We may neglect the last term provided the chance that $(X/\beta)(Y/\gamma)^2$ being large is tiny. This is tantamount to supposing most of the probability of $Y$ is very close to $\gamma$ and that $X$ and $Y^2$ are not too strongly correlated. In this case

$$\begin{aligned} \operatorname{Var}(A) &\approx \left(\frac{\beta}{\gamma}\right)^2\operatorname{Var}(1 + X/\beta - Y/\gamma)\\ &= \left(\frac{\beta}{\gamma}\right)^2\left( \frac{1}{\beta^2}\operatorname{Var}(B) + \frac{1}{\gamma^2}\operatorname{Var}(C) - \frac{2}{\beta\gamma}\operatorname{Cov}(B,C)\right) \\ &= \frac{1}{\gamma^2} \operatorname{Var}(B) + \frac{\beta^2}{\gamma^4}\operatorname{Var}(C) - \frac{2\beta}{\gamma^3}\operatorname{Cov}(B,C). \end{aligned}$$

---

You might wonder why I fuss over the assumptions. They matter. One way to check them is to generate Normally distributed variates $B$ and $C$ in a simulation: it will provide a good estimate of the variance of $A$ and, to the extent $A$ appears approximately Normally distributed, will confirm the three bold assumptions needed to rely on this result do indeed hold.

For instance, with the covariance matrix $\pmatrix{1&-0.9\\-0.9&1}$ and means $(\beta,\gamma)=(5, 10),$ the approximation does OK (left panel):

The variance of these 100,000 simulated values is $0.0233,$ close to the formula's value of $0.0215.$ But reducing $\gamma$ from $10$ to $4,$ which looks innocent enough ($4$ is still four standard deviations of $C$ away from $0$) has profound effects due to the strong correlation of $B$ and $C,$ as seen in the right hand histogram. Evidently $C$ has a small but appreciable chance of being nearly $0,$ creating large values of $B/C$ (both negative and positive). This is a case where we should not neglect the $XY^2$ term in the MacLaurin expansion. Now the variance of these 100,000 simulated values of $A$ is $2.200$ but the formula gives $0.301,$ far too small.

This is the R code that generated the first figure.
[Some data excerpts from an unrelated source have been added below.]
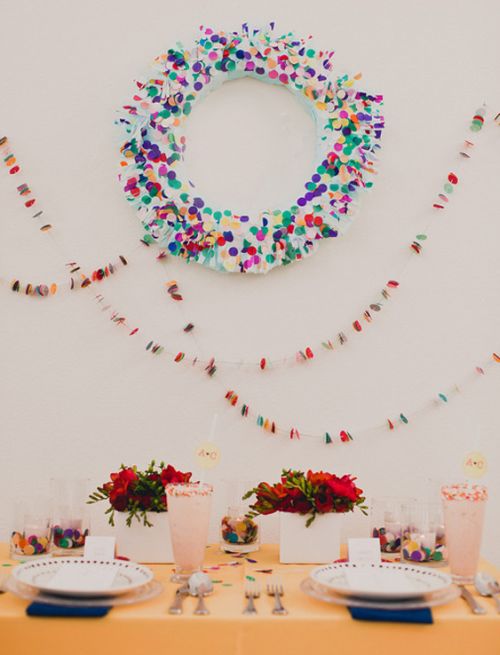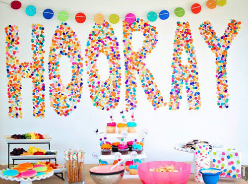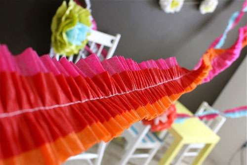 Papel, confete, tecido, papelão, fita adesiva decorada e papel contact são alguns dos muitos materiais que podem ser empregados neste tipo de artesanato. Faça artesanato para a parede atrás do bolo, para o teto e para as diversas mesas de sua festa. Lembrando que você deve seguir a cartela de cores já escolhida para a decoração.
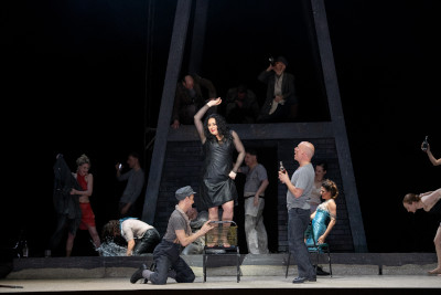Die in Tiflis geborene Georgierin konnte ich schon mal, allerdings nur kurz, in Alexander Newsky von Prokofjew, wo sie "Totenfeld" (Satz 6) zum Besten gab, vor einem Jahr erleben; und da war mir vollends klar, zu welcher Suggestionsarbeit Rachvelishvili fähig ist. Entwaffnendes Kalkül mit einem raumgreifenden Alt, welcher sowohl "nach oben" wie "nach unten" exzessiert. Laut Einführungsvortrag hätte sie in 2010 die Rolle in der Kušej-Inszenierung bereits durchgespielt, sie war und ist also mit dieser Produktion vertraut - die hob angeblich auf stark sinnbeeinträchtigende Wüsten- und Hitzeeinflüsse noch viel, viel weiter südlich als in Andalusien ab; man schwitzt und hechelt, und man(n) steht womöglich ganz besonders unter einem ganz besonders starken sexuellen Druck, ein paar gut aussehende (halbnackte) Statisten demonstrieren dann auch das erotisch aufgeladene Gesamtgefühl des anwesenden Carmen-Personals, bestehend aus Soldaten, Schmugglern und geschlechtsaktwilligen Zigarettenarbeiterinnen. Rachvelishvili freilich braucht so tierisch Aufgesetztes von Regie wegen mitnichten, schon ihre aus sich heraus knisternde Individualpräsenz machte/macht klar, wer hier über dreieinhalb Stunden lang der wahre Herr im Hause ist!
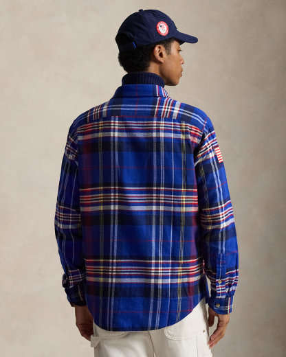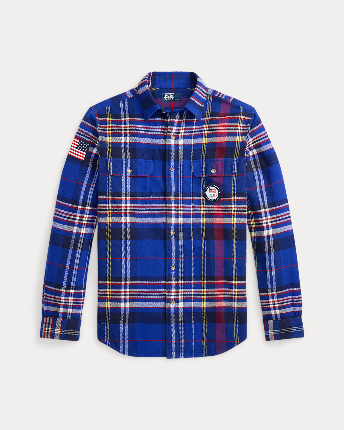 Part of the Polo Ralpthth Lauren Team USA collection, this workshirt is crafted with plaid cotton flannel and washed for enhanced softness. It features the official logo patch of the U.S. Olympic Team, as well as an American flag patch and our signature embroidered Pony.
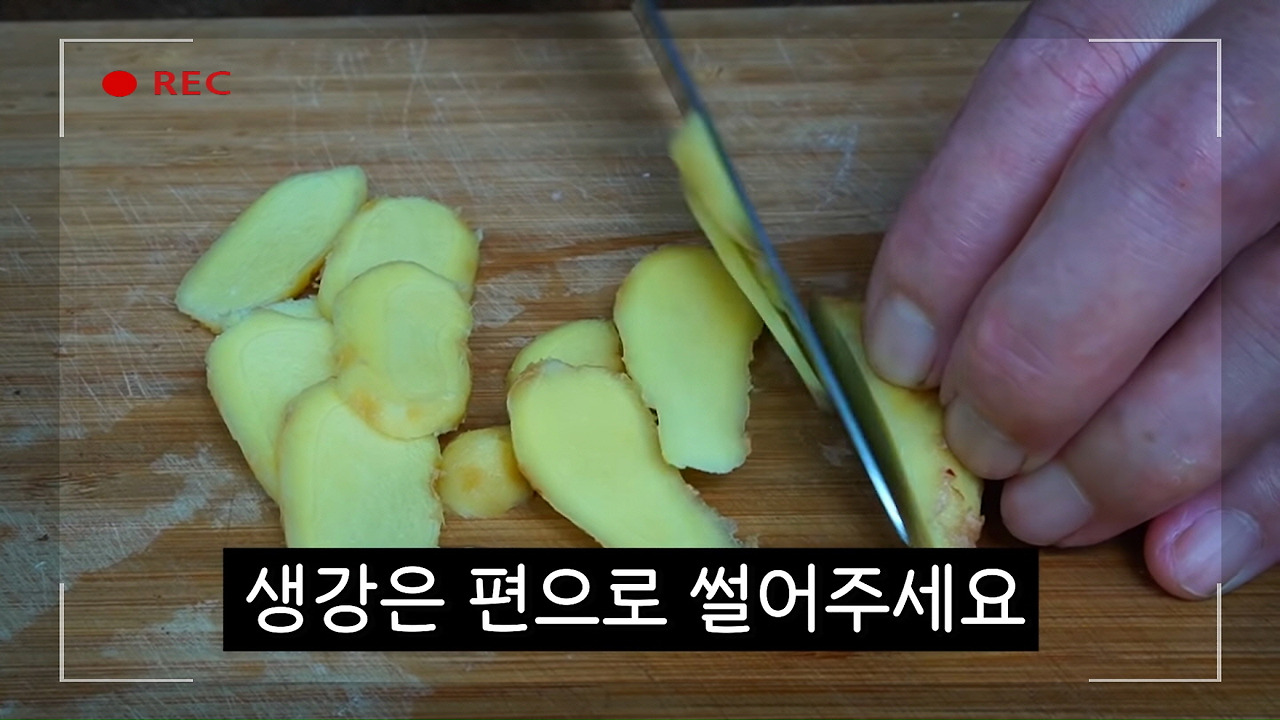 연근을 썰 때는 세게 치지 말고, 0.5cm 정도의 두께로 조심스럽게 썰어주세요.

A small change in the third line generates the second figure.

n <- 1e5   # Simulation size
beta <- 5
gamma <- 10
Sigma <- matrix(c(1, -0.9, -0.9, 1), 2)

library(MASS) #mvrnorm

bc <- mvrnorm(n, c(beta, gamma), Sigma)
A <- bc[, 1] / bc[, 2]
#
# Report the simulated and approximate variances.
#
signif(c(`Var(A)`=var(A), 
  Approx=(Sigma[1,1]/gamma^2 + beta^2*Sigma[2,2]/gamma^4 - 2*beta/gamma^3*Sigma[1,2])),
  3)

hist(A, freq=FALSE, breaks=50, col="#f0f0f0")
curve(dnorm(x, mean(A), sd(A)), col="SkyBlue", lwd=2, add=TRUE)